### WHAT IS EXPECTED
From the line containing "甲方向乙方采购苗木_____" to the end of the records, print every line exactly, both ends included, and leave out the pictures.

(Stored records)
────────────────────
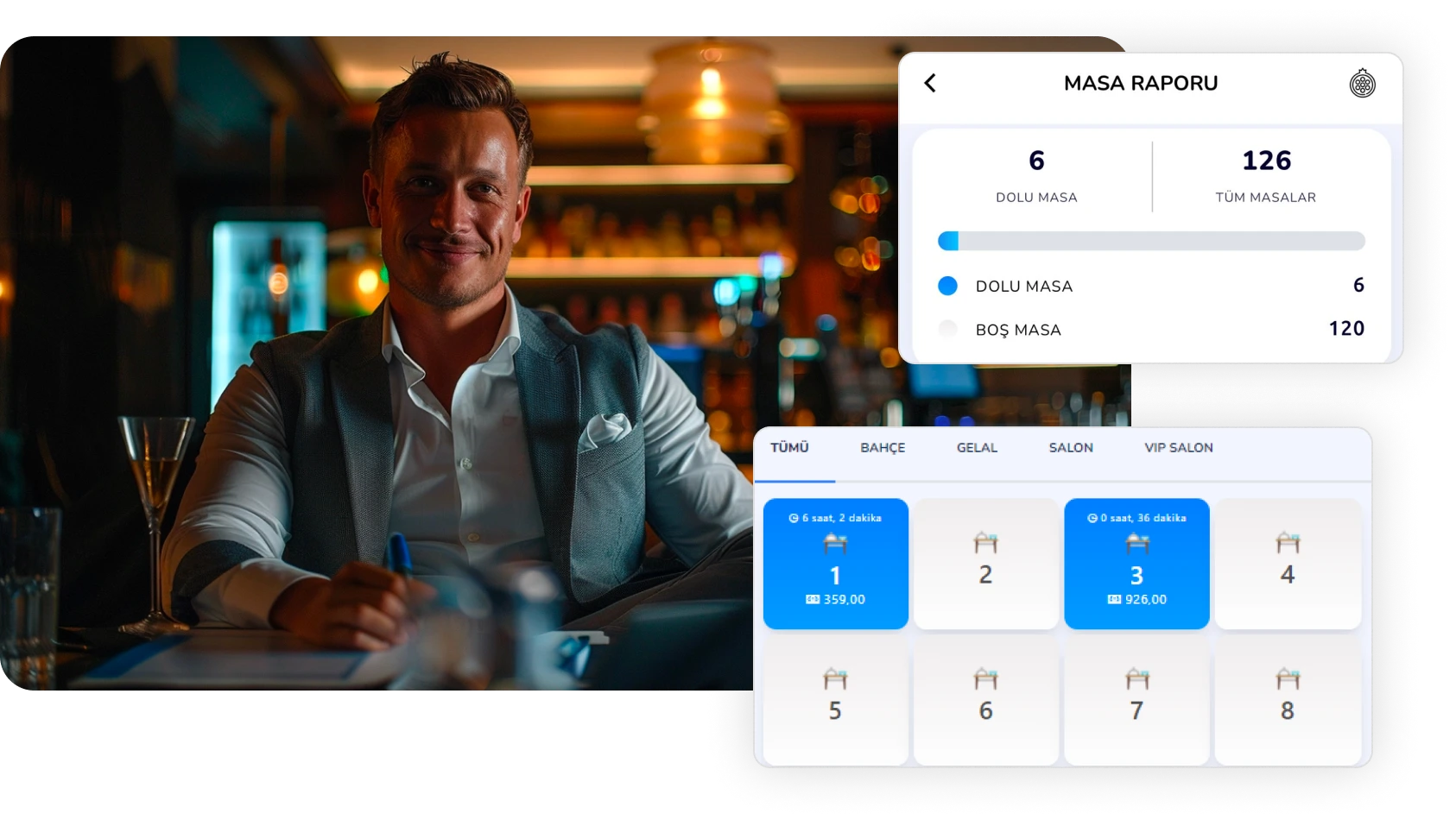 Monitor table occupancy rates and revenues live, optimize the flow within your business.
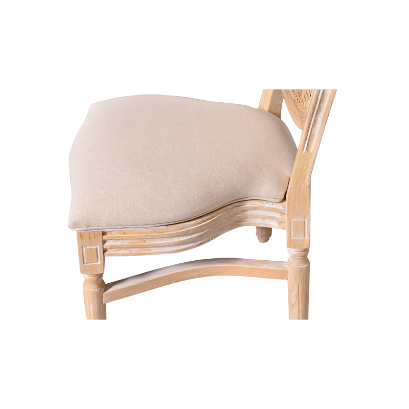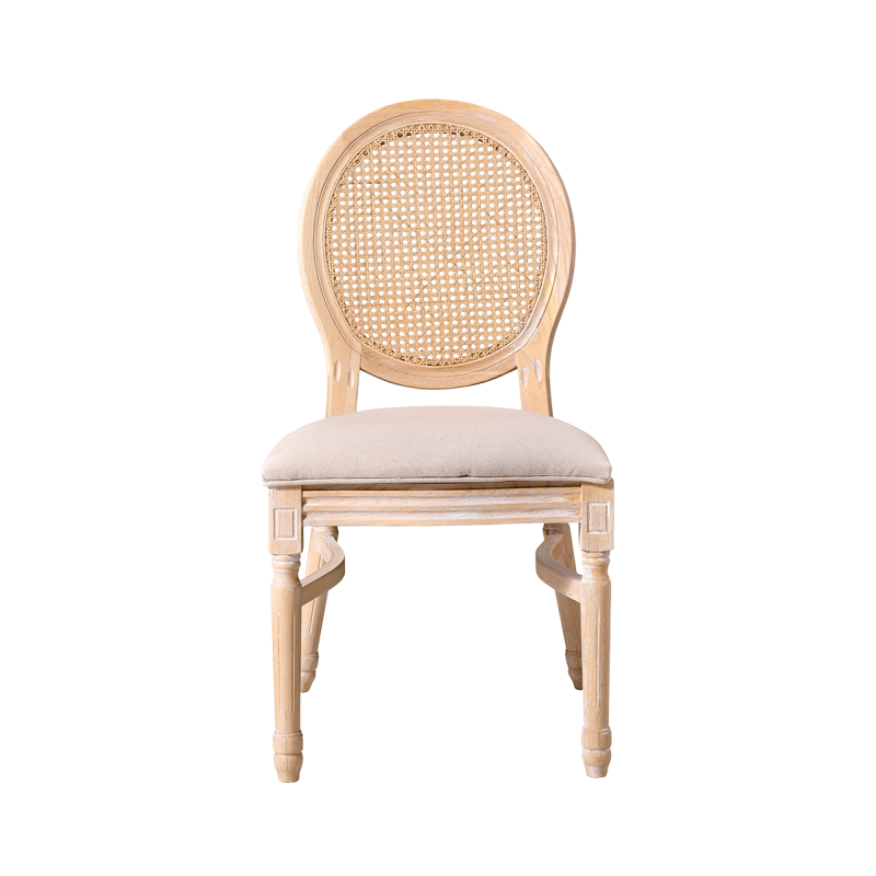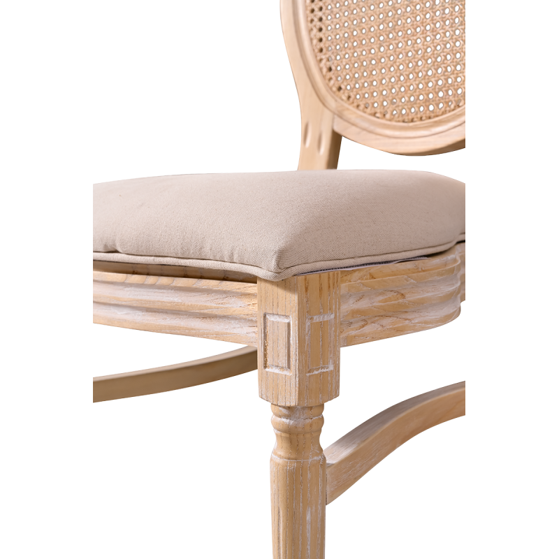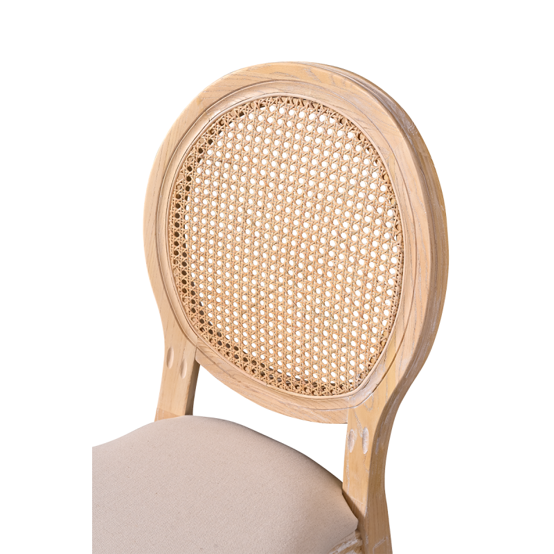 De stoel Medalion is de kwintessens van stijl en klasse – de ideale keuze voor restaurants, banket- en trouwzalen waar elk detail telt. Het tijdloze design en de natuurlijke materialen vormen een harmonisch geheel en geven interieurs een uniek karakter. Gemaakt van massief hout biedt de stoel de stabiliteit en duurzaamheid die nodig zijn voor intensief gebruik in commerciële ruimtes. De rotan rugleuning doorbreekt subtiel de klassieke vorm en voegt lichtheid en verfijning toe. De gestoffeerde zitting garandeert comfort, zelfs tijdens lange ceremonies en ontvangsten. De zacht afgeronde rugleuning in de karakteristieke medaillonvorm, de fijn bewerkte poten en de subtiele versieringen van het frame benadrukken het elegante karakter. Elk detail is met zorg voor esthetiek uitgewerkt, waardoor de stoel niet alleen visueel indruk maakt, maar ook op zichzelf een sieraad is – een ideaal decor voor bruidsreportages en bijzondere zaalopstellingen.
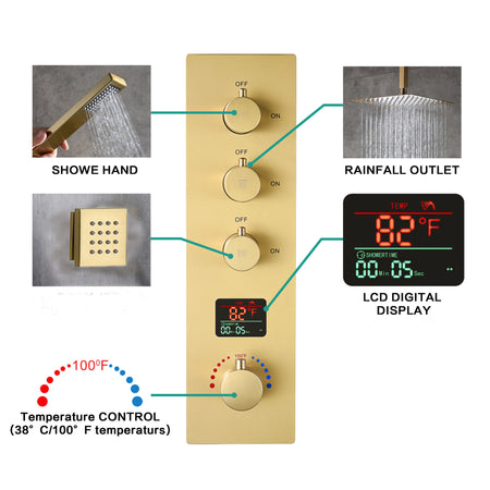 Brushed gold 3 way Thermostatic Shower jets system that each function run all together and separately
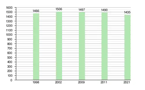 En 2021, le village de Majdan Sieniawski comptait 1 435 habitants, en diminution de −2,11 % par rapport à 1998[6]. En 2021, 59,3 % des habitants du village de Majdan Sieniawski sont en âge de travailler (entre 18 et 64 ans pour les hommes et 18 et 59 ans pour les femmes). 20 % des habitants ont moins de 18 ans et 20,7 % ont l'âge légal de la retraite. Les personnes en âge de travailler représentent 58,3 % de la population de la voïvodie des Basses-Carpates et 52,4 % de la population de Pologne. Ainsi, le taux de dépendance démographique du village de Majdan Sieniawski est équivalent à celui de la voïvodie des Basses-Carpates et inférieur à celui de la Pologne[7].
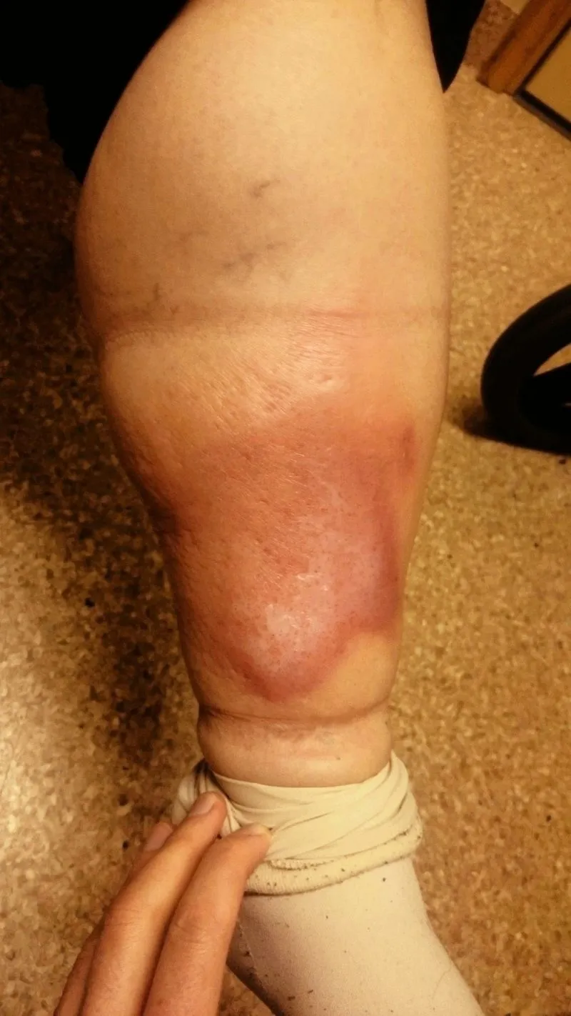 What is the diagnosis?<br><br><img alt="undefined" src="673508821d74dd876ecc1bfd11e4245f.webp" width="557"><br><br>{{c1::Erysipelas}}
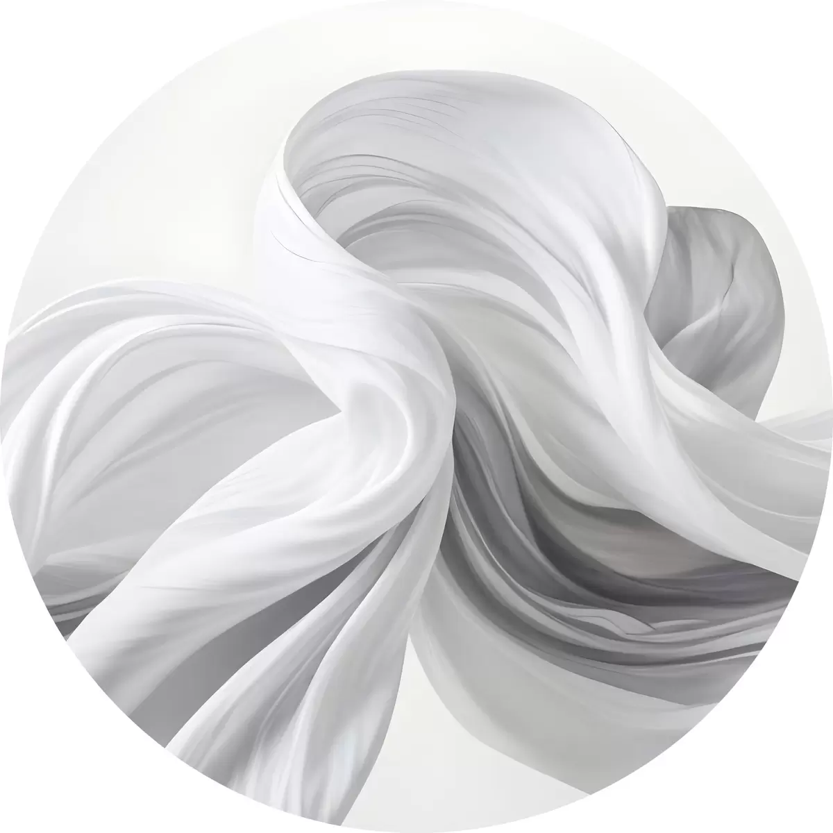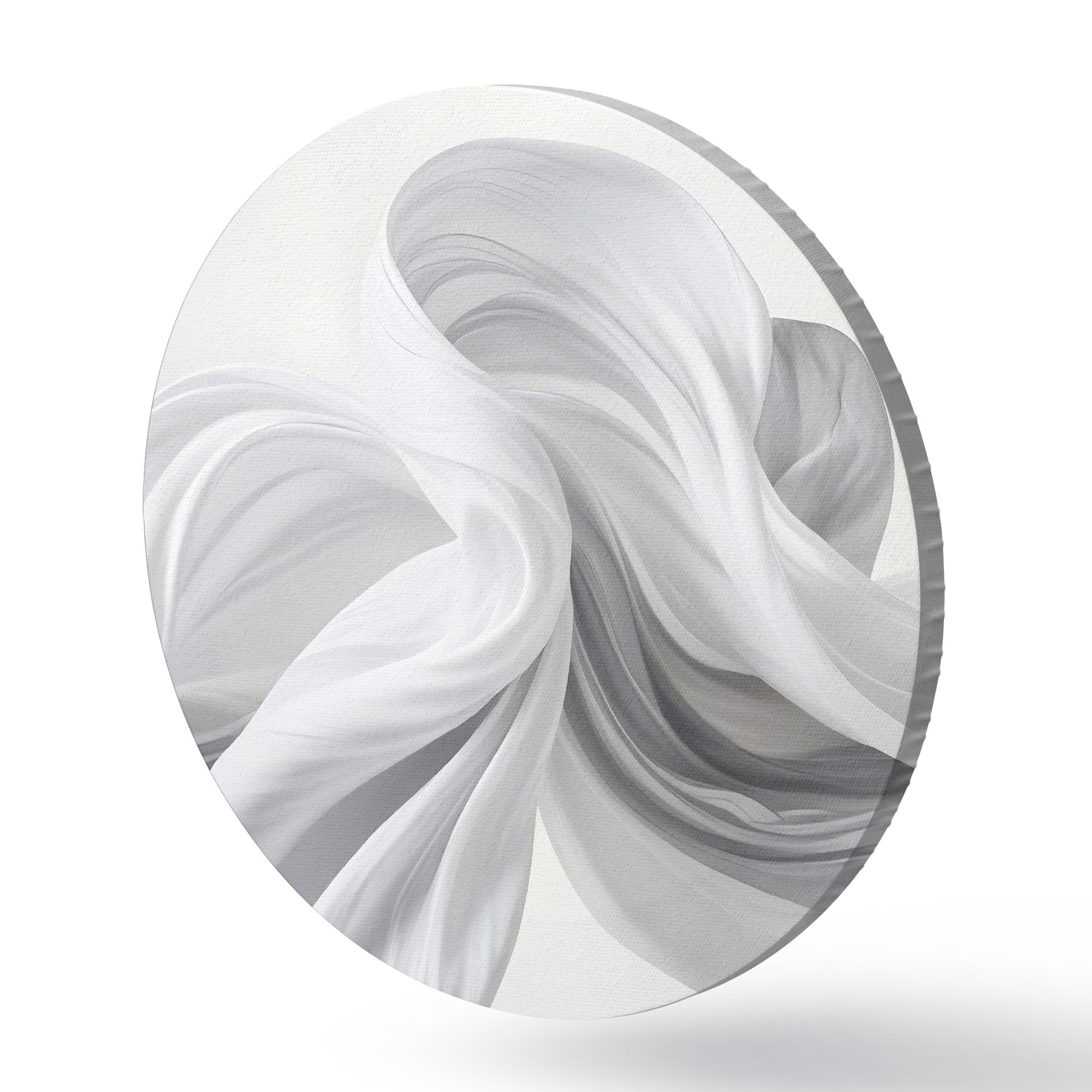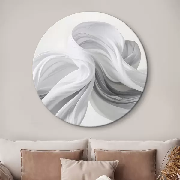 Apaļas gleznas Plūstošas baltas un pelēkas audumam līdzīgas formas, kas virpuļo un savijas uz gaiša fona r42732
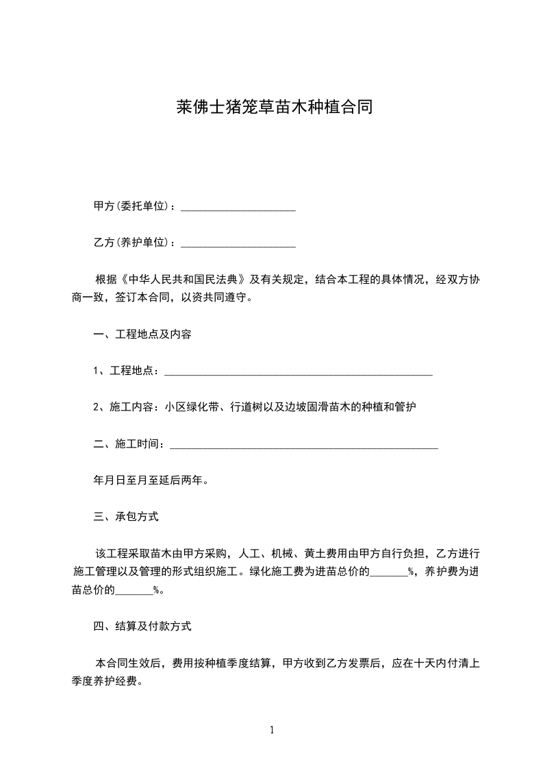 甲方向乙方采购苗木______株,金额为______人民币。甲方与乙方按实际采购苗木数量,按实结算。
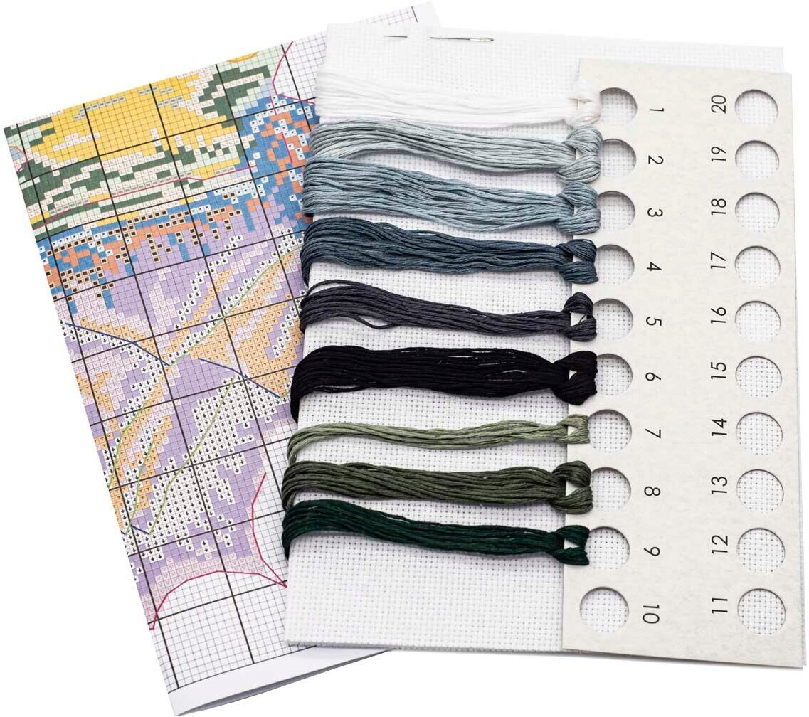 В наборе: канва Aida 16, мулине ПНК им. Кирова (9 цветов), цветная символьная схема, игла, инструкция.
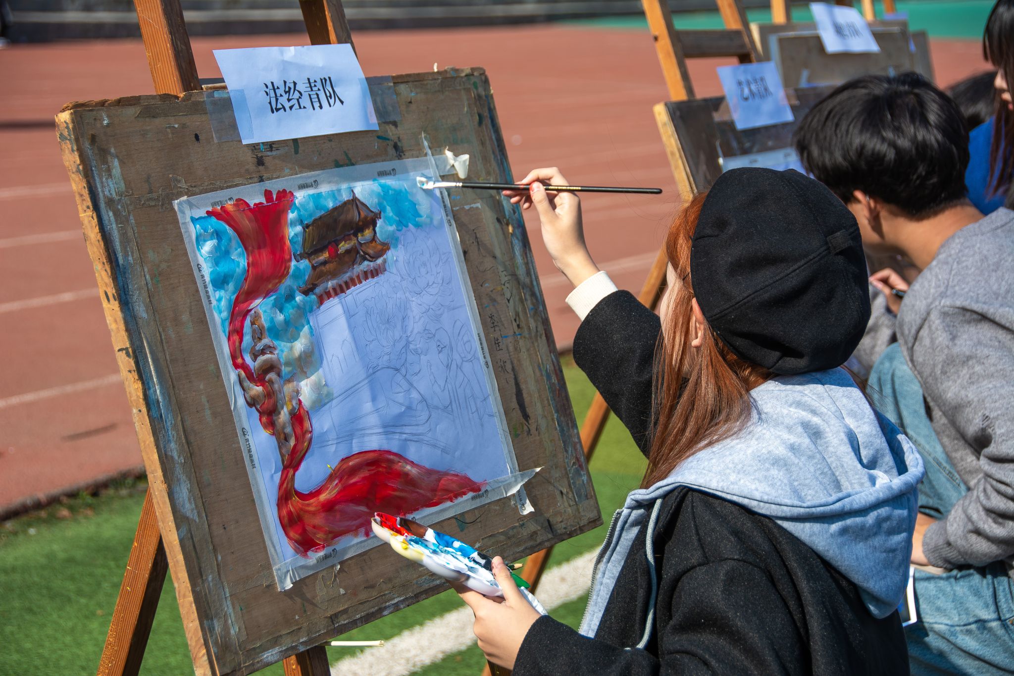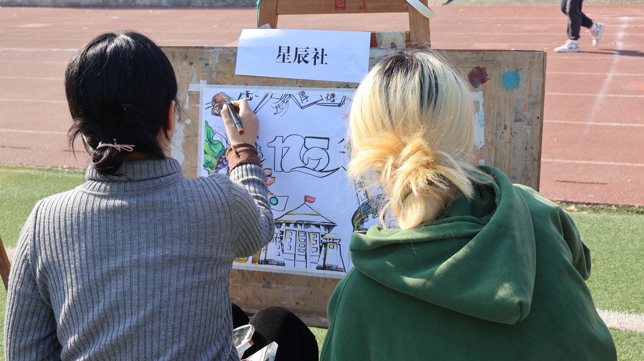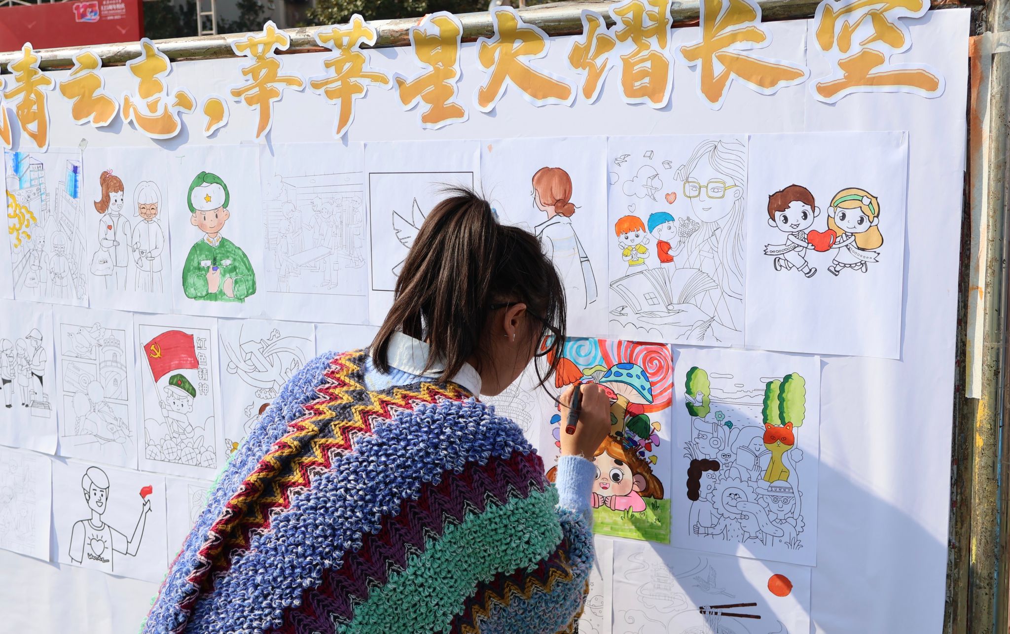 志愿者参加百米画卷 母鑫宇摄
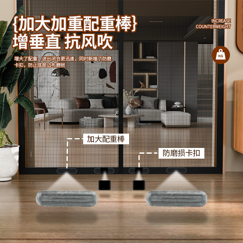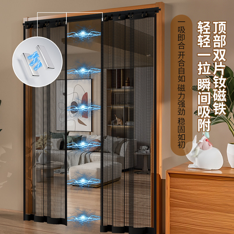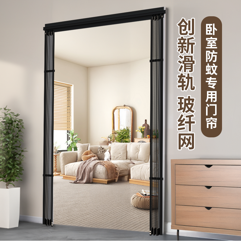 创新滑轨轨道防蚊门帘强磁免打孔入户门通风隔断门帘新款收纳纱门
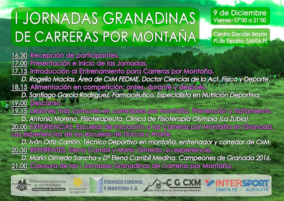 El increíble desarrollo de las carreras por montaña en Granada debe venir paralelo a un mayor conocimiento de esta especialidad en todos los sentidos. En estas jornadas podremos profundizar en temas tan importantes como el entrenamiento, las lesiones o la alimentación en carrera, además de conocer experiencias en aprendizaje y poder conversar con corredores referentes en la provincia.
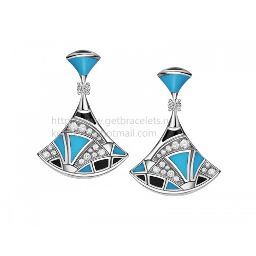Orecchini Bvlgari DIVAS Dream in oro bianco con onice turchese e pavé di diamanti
────────────────────
### FINISHED EXERCISE
 甲方向乙方采购苗木______株,金额为______人民币。甲方与乙方按实际采购苗木数量,按实结算。
 В наборе: канва Aida 16, мулине ПНК им. Кирова (9 цветов), цветная символьная схема, игла, инструкция.
 志愿者参加百米画卷 母鑫宇摄
 创新滑轨轨道防蚊门帘强磁免打孔入户门通风隔断门帘新款收纳纱门
 El increíble desarrollo de las carreras por montaña en Granada debe venir paralelo a un mayor conocimiento de esta especialidad en todos los sentidos. En estas jornadas podremos profundizar en temas tan importantes como el entrenamiento, las lesiones o la alimentación en carrera, además de conocer experiencias en aprendizaje y poder conversar con corredores referentes en la provincia.
Orecchini Bvlgari DIVAS Dream in oro bianco con onice turchese e pavé di diamanti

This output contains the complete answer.